Eroğul, 14 Ağustos 2015 tarihinde sosyal medya hesabında, taşeron işçilerin gördüğü baskıları ve yöneticilerini konu alan şu paylaşımı yaptı.
“Son günlerde taşeron işçi arkadaşlar üzerinde ciddi baskılar artmış; kendini yönetici zanneden bazıları, işi gücü bırakıp taşeron işçi ile uğraşmayı kendine görev edinmiştir. Ey insan müsveddeleri, yönetici bozuntuları, şunu asla unutmayınız ki biz taşeron işçiler, İslam dinine inanıp iman etmiş Müslümanlarız ve Rabbim bize der ki ‘Rızık ile ilgili yeryüzünde hareket eden hiçbir canlı yoktur ki rızık Allah’a bağlı olmasın’ der (Hud Suresi 6. Ayet). Rabbim sizleri de hidayete ulaştırsın en kısa zamanda ve olduğunuz o güzel makam koltuklarının da altınızdan kayıp gideceğini bilme ve taşeron işçinin de insan olduğunu anlama fikri versin, âmin.”

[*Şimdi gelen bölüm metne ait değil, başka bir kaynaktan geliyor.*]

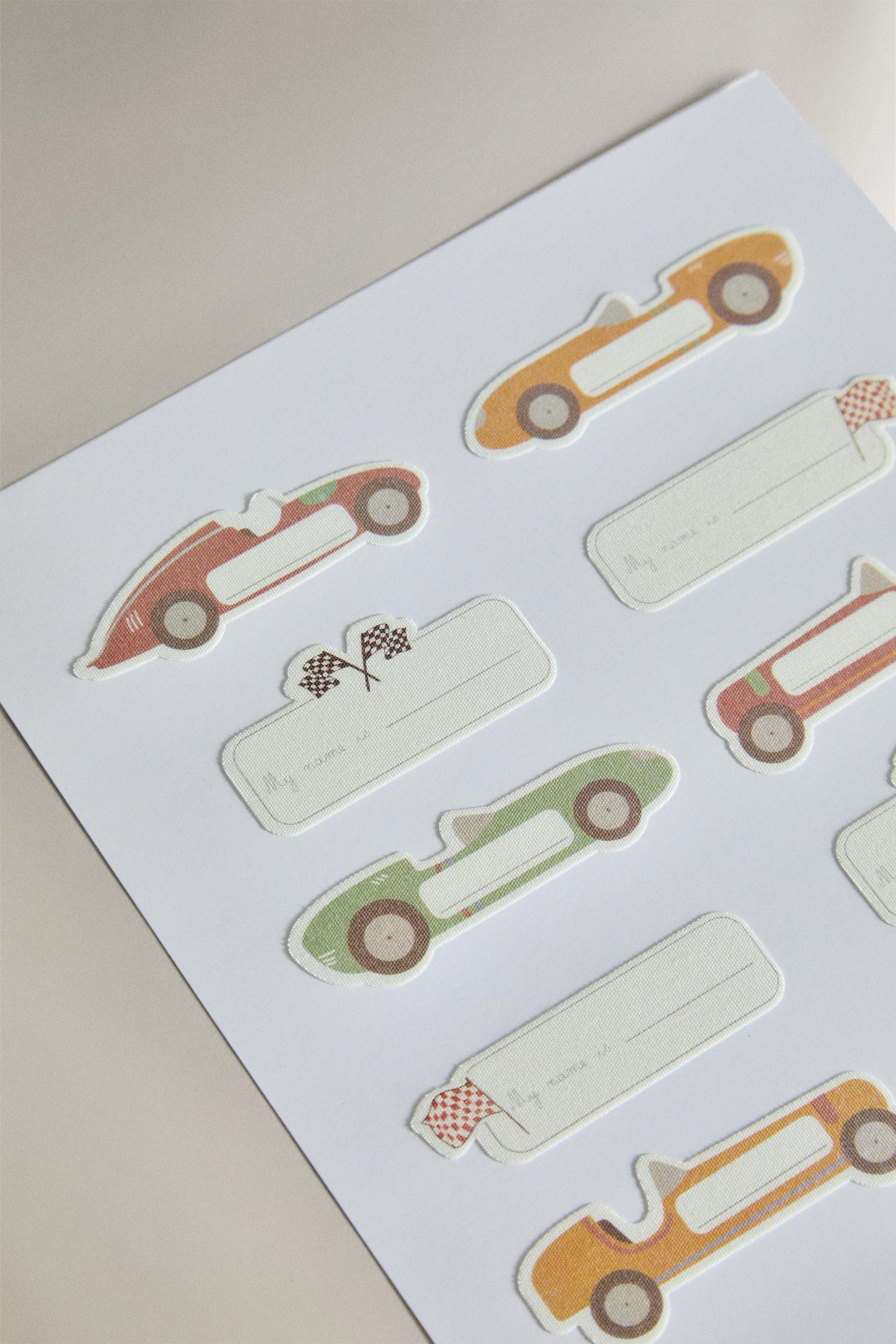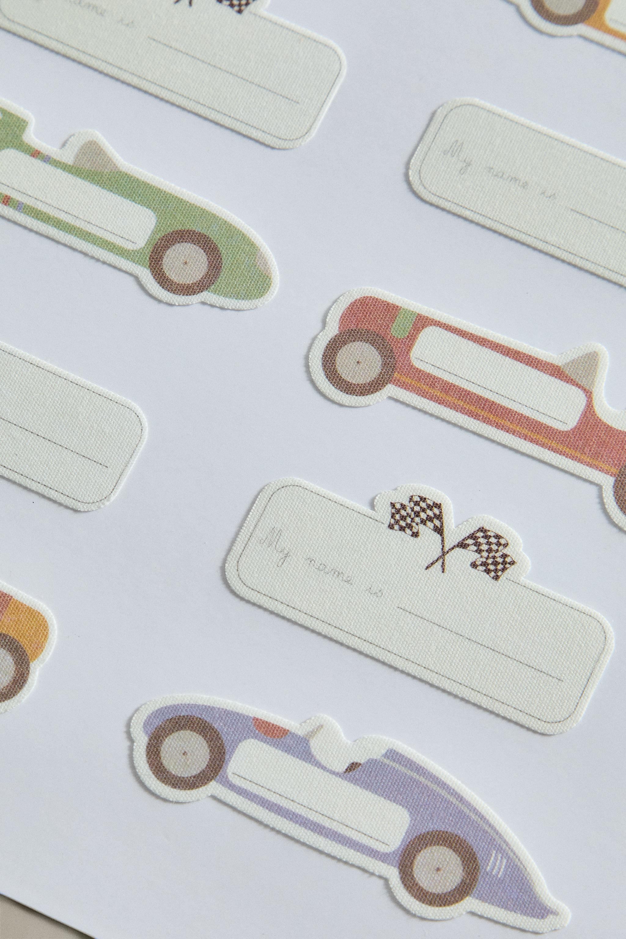 Yarış arabası şeklinde ve yarış motifleriyle tasarlanmış, çocuklara özel tanımlayıcı ütüyle yapışan etiketler veya yamalar. Isıyla yapışır. 30 adet içerir.

Bu paylaşımı nedeniyle kurum yöneticileri tarafından Kütahya 2. Asliye Ceza Mahkemesi’nde açılan davada Eroğul mahkum edildi, ancak hükmün açıklanması geriye bırakıldı. Bu kararın ardından Eroğul’un iş akdi, bağlı bulunduğu şirket tarafından feshedildi.

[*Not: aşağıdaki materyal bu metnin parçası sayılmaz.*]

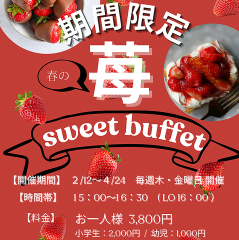 農家直送朝採れイチゴをたっぷりご準備!軽食からイチゴスイーツが盛りだくさん。お飲み物までイチゴ使用!毎週木・金曜日限定開催 15:00~16:30(LO16:00)お子様連れ大歓迎です。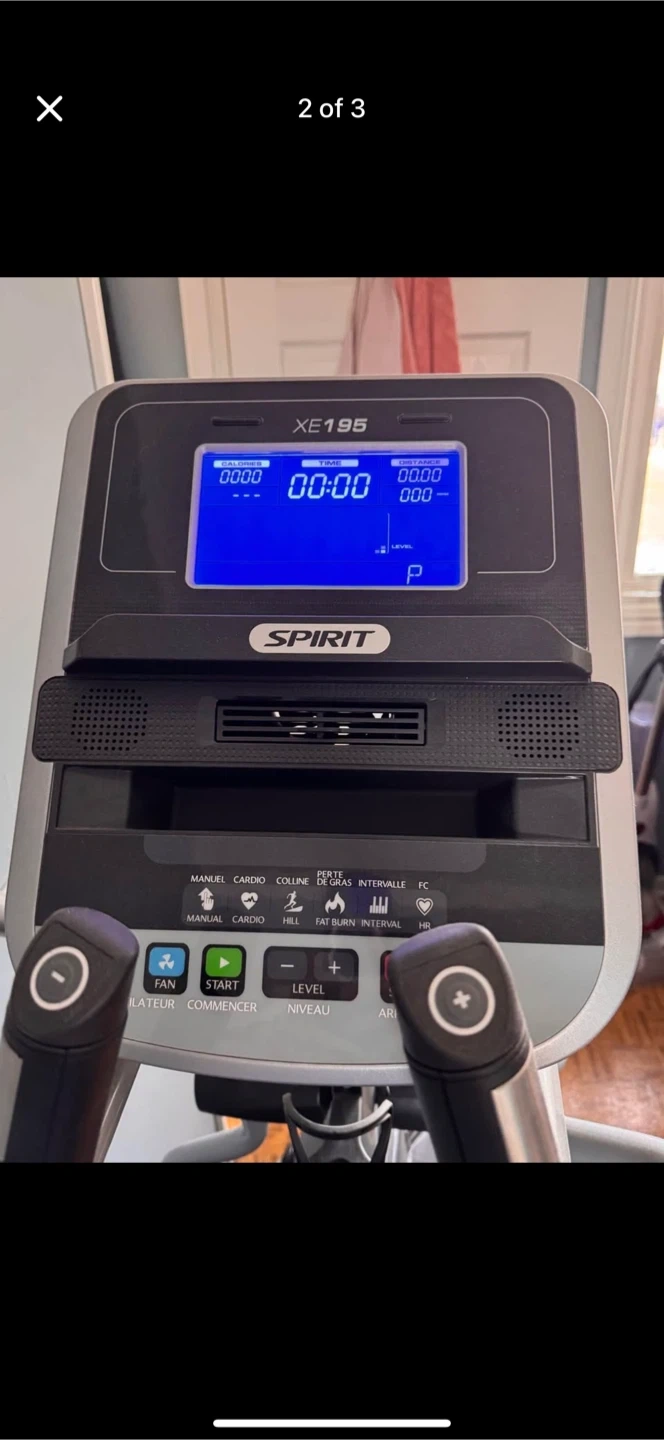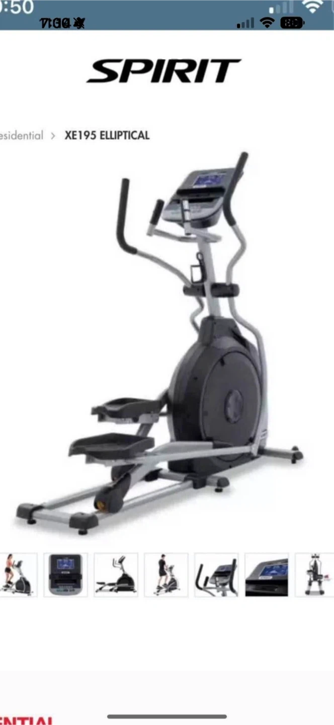 Spirit XE195 elliptical machine for home workouts. It has multiple program options and adjustable resistance levels. This machine is great for cardiovascular fitness at home!

İşten çıkarma kararının ardından Eroğul haksız fesih davası açtı, ancak dava Kütahya 1. İş Mahkemesi tarafından reddedildi. Eroğul bu kararı istinafa taşıdı, ancak İzmir Bölge Adliye Mahkemesi 9. Hukuk Dairesi istinaf isteminin reddine karar verdi. Yargıtay da istinaf mahkemesinin bu kararını onadı.
Eroğul, bunun üzerine konuyu AYM’ye götürdü. AYM, yöneticileri hakkında “insan müsveddeleri ve yönetici bozuntuları” dediği için işten çıkartılan Eroğul’un ifade özgürlüğünün ihlal edildiğine hükmetti.

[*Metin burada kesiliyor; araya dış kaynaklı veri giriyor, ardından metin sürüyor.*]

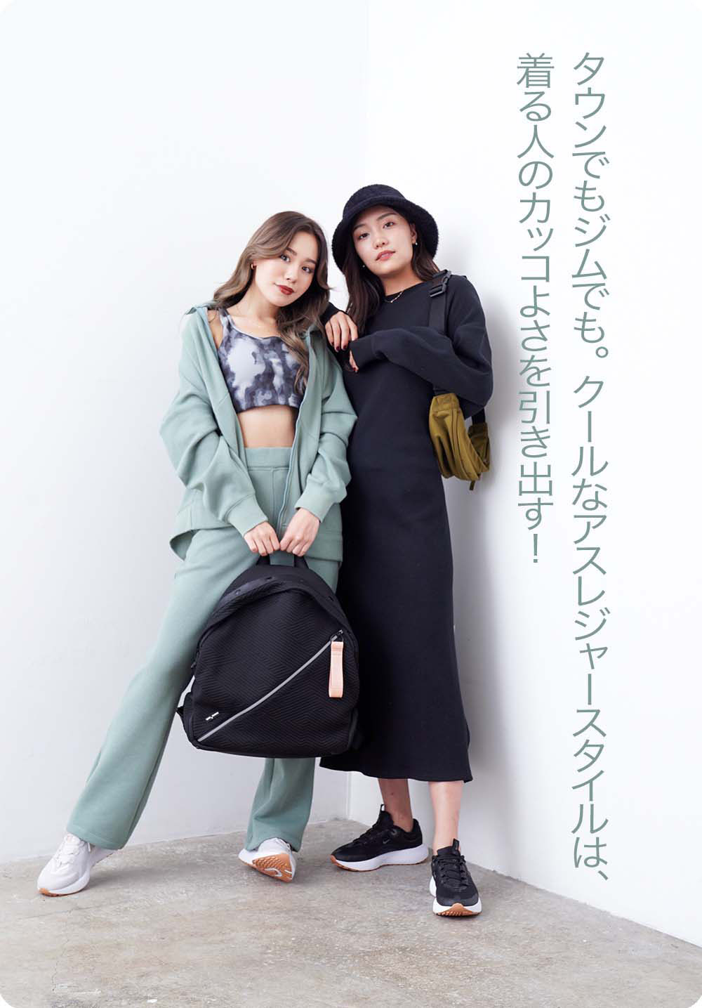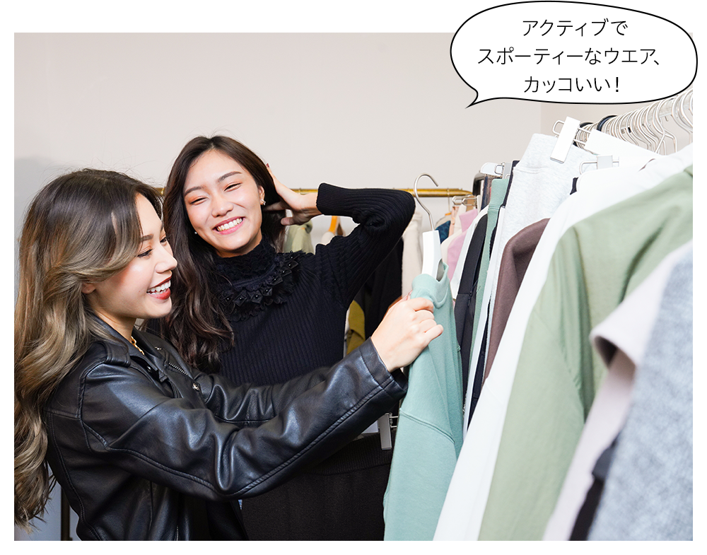 井上奈欧美さん(左)と、渡邊絵里香さん(右)は、『NERGY』のアイテムをセレクト。スポーツウエアやヨガウエアをファッションにも取り入れる『NERGY』のスタイルは、アクティブな2人にぴったり!「かわいくて迷う!」と悩んでくれました。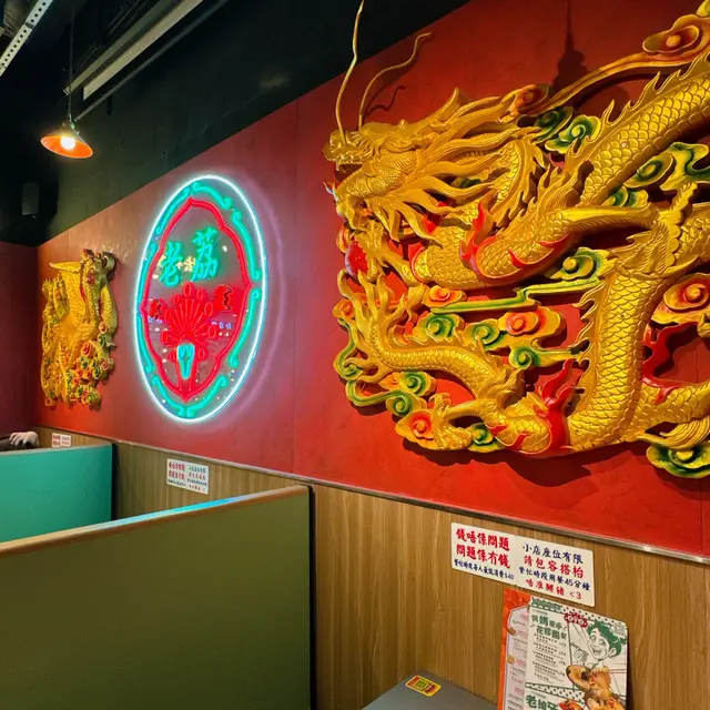冰室門外有一塊仿效舊戲棚嘅霓虹燈

“AŞIRI BİR YORUMUN BENİMSENMESİ, KAMUSAL KONUŞMALARI İMKANSIZ HALE GETİRECEKTİR”
AYM, kararının gerekçesinde şunları kaydetti:
“Başvuruya konu paylaşımda genel nitelikli ‘yönetici’ kavramı kullanmış, ancak sözlerin belirli bir kimseyi hedef aldığına yönelik herhangi bir ifade kullanılmamıştır. Ancak mahkemeler tarafından, başvurucunun taşeron işçi olması ve ceza davasına katılanların da başvurucu ile aynı kurumda yönetici olması gerekçe gösterilerek sözlerin muhataplarından bir kısmının kurum yöneticileri olduğu kabul edilmiştir. Derece mahkemelerinin başvurucunun asıl amacının kurum yöneticilerini küçük düşürmek olduğunu kabul etmesi, ancak başvurucunun kullandığı kelimelere onun verdiği anlamın ötesinde anlamlar yüklemesi ile mümkün olmuştur. Başvurucunun kullandığı ifadelere, onun verdiği anlamın ötesinde bir anlam yüklenmemelidir. Derece mahkemelerinin başvurucunun dernek başkanlığı kimliğini dikkate almayarak ve doğrudan işaret edilmediği halde dolaylı bağlantılarla başvurucunun kurum yöneticilerini hedef aldığını kabul ederek yaptıkları aşırı bir yorumun benimsenmesi, kamusal konuşmaları imkansız hale getirecektir.”